*REQUIRED WORK*: Find, in the records below, the line that contains "Небольшая сумочка из" and the line that contains "Illume drawers feature". Copy those two lines and everything between them exactly, but not the pictures.

*DATA TO PROCESS*:
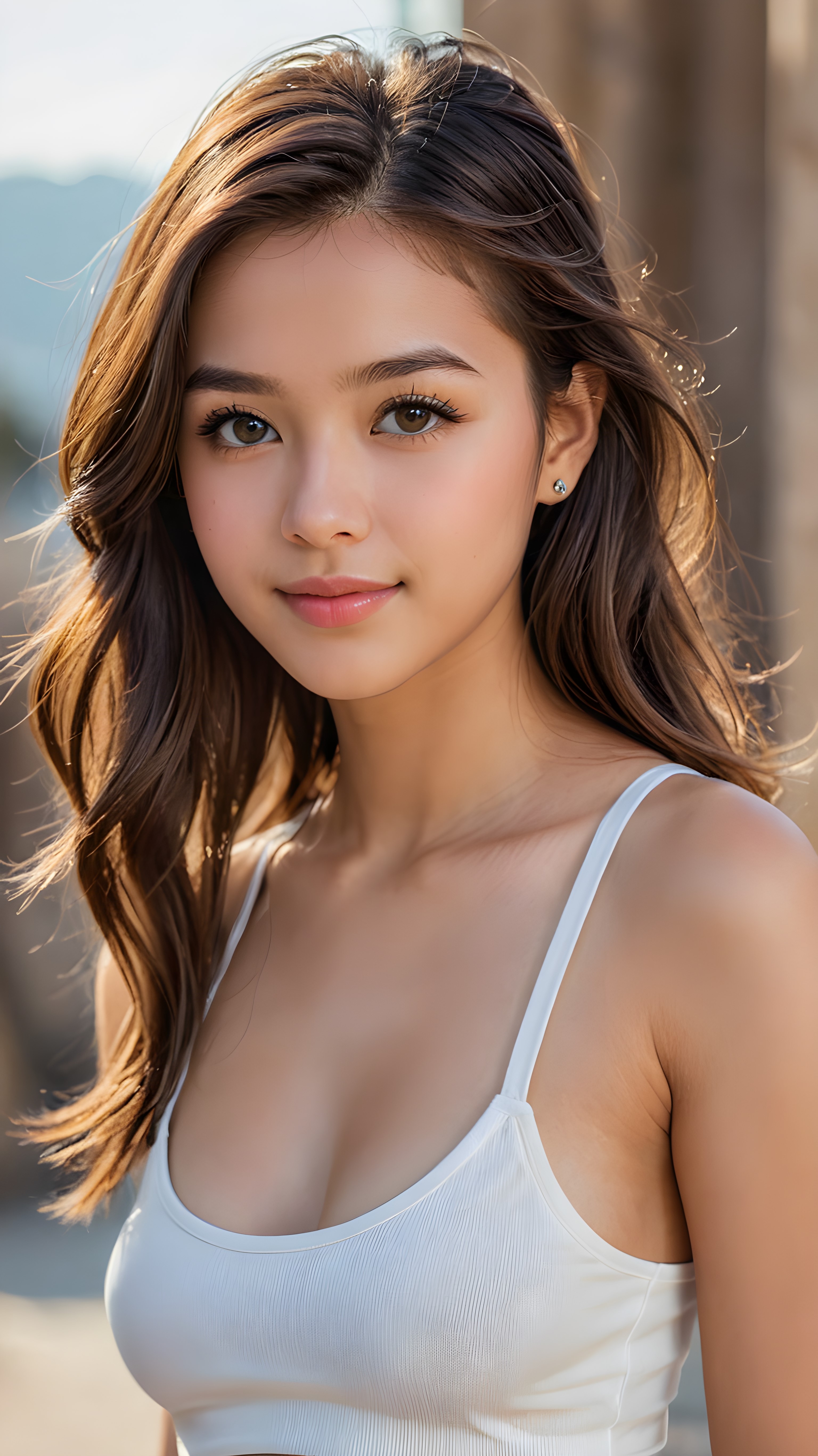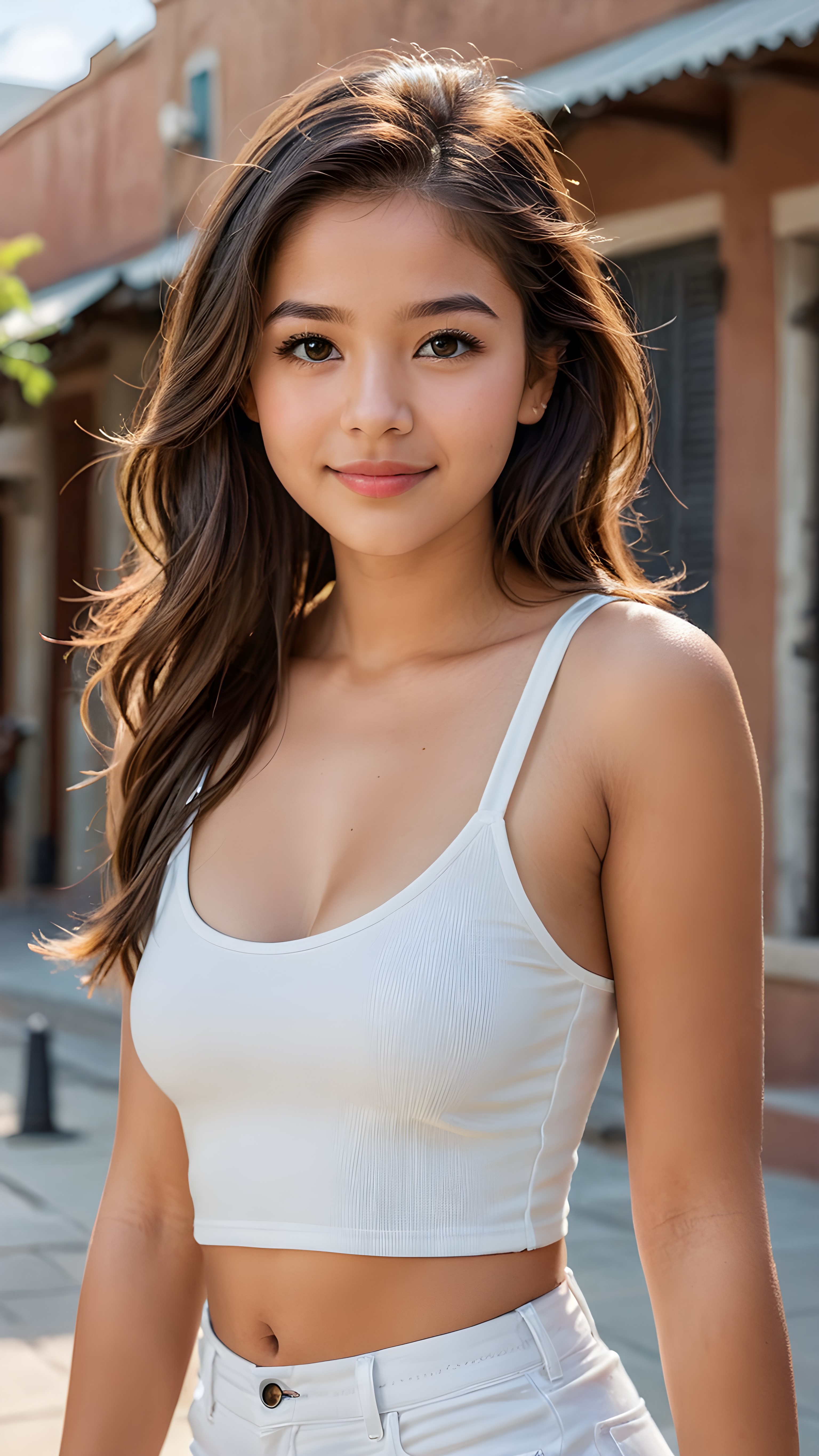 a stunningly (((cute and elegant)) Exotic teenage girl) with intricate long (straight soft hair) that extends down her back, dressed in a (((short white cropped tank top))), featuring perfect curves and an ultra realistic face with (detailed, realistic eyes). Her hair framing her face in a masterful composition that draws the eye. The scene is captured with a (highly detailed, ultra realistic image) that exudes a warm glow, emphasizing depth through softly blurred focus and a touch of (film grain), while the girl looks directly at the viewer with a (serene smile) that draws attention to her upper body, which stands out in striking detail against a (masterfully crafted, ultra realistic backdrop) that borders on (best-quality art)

...

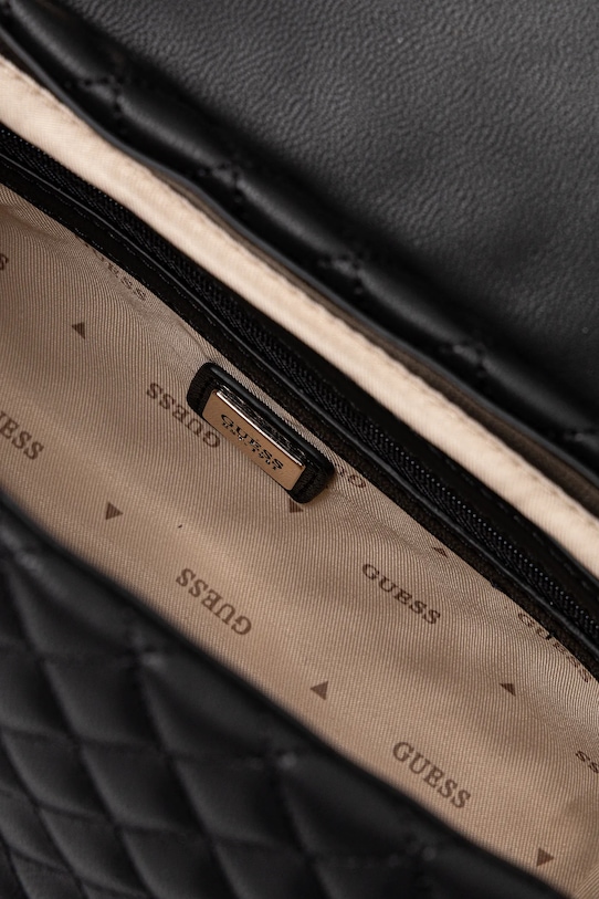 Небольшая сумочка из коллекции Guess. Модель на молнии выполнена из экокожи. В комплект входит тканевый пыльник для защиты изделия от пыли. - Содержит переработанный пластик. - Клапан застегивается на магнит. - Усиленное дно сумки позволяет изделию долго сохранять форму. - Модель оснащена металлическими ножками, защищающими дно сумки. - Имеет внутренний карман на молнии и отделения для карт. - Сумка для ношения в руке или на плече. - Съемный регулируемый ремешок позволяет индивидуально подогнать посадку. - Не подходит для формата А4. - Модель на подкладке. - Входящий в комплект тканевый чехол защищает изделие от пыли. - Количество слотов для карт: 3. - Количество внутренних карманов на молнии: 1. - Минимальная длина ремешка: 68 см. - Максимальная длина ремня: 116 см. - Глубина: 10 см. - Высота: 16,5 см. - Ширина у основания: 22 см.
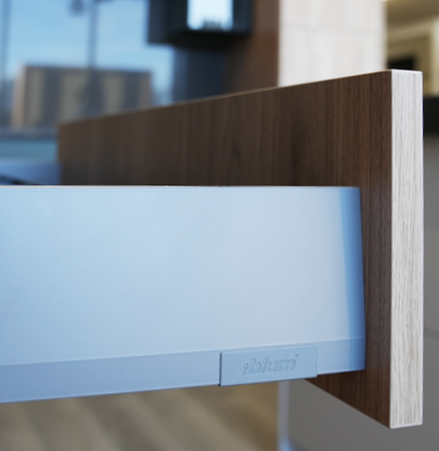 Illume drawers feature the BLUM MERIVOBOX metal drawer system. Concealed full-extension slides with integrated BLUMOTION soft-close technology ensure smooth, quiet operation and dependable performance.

---

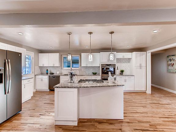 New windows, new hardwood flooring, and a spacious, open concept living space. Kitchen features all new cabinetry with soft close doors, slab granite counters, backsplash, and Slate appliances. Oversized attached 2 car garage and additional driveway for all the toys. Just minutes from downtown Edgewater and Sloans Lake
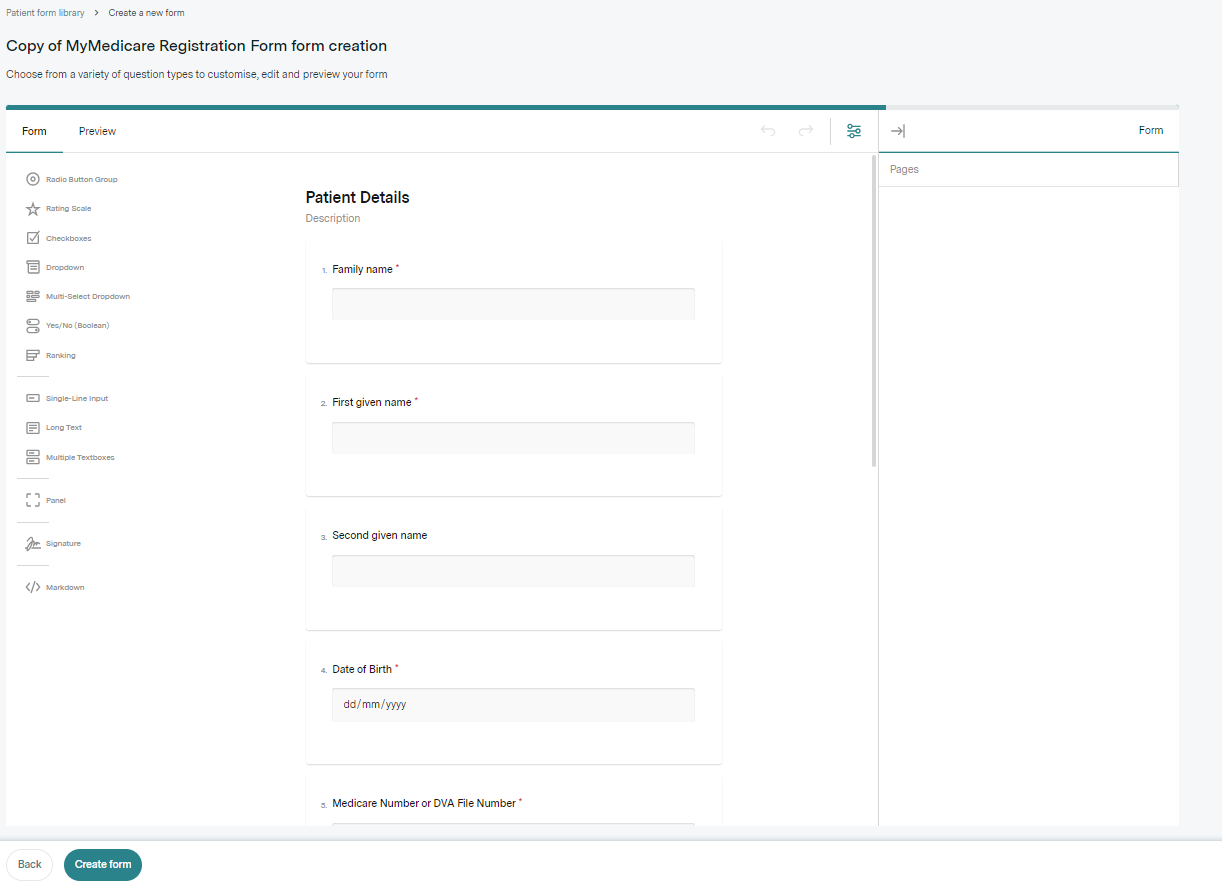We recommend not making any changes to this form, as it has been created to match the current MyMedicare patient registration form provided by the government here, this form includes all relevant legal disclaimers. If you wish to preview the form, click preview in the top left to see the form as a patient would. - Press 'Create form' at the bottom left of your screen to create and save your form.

*TASK RESPONSE*:
 Небольшая сумочка из коллекции Guess. Модель на молнии выполнена из экокожи. В комплект входит тканевый пыльник для защиты изделия от пыли. - Содержит переработанный пластик. - Клапан застегивается на магнит. - Усиленное дно сумки позволяет изделию долго сохранять форму. - Модель оснащена металлическими ножками, защищающими дно сумки. - Имеет внутренний карман на молнии и отделения для карт. - Сумка для ношения в руке или на плече. - Съемный регулируемый ремешок позволяет индивидуально подогнать посадку. - Не подходит для формата А4. - Модель на подкладке. - Входящий в комплект тканевый чехол защищает изделие от пыли. - Количество слотов для карт: 3. - Количество внутренних карманов на молнии: 1. - Минимальная длина ремешка: 68 см. - Максимальная длина ремня: 116 см. - Глубина: 10 см. - Высота: 16,5 см. - Ширина у основания: 22 см.
 Illume drawers feature the BLUM MERIVOBOX metal drawer system. Concealed full-extension slides with integrated BLUMOTION soft-close technology ensure smooth, quiet operation and dependable performance.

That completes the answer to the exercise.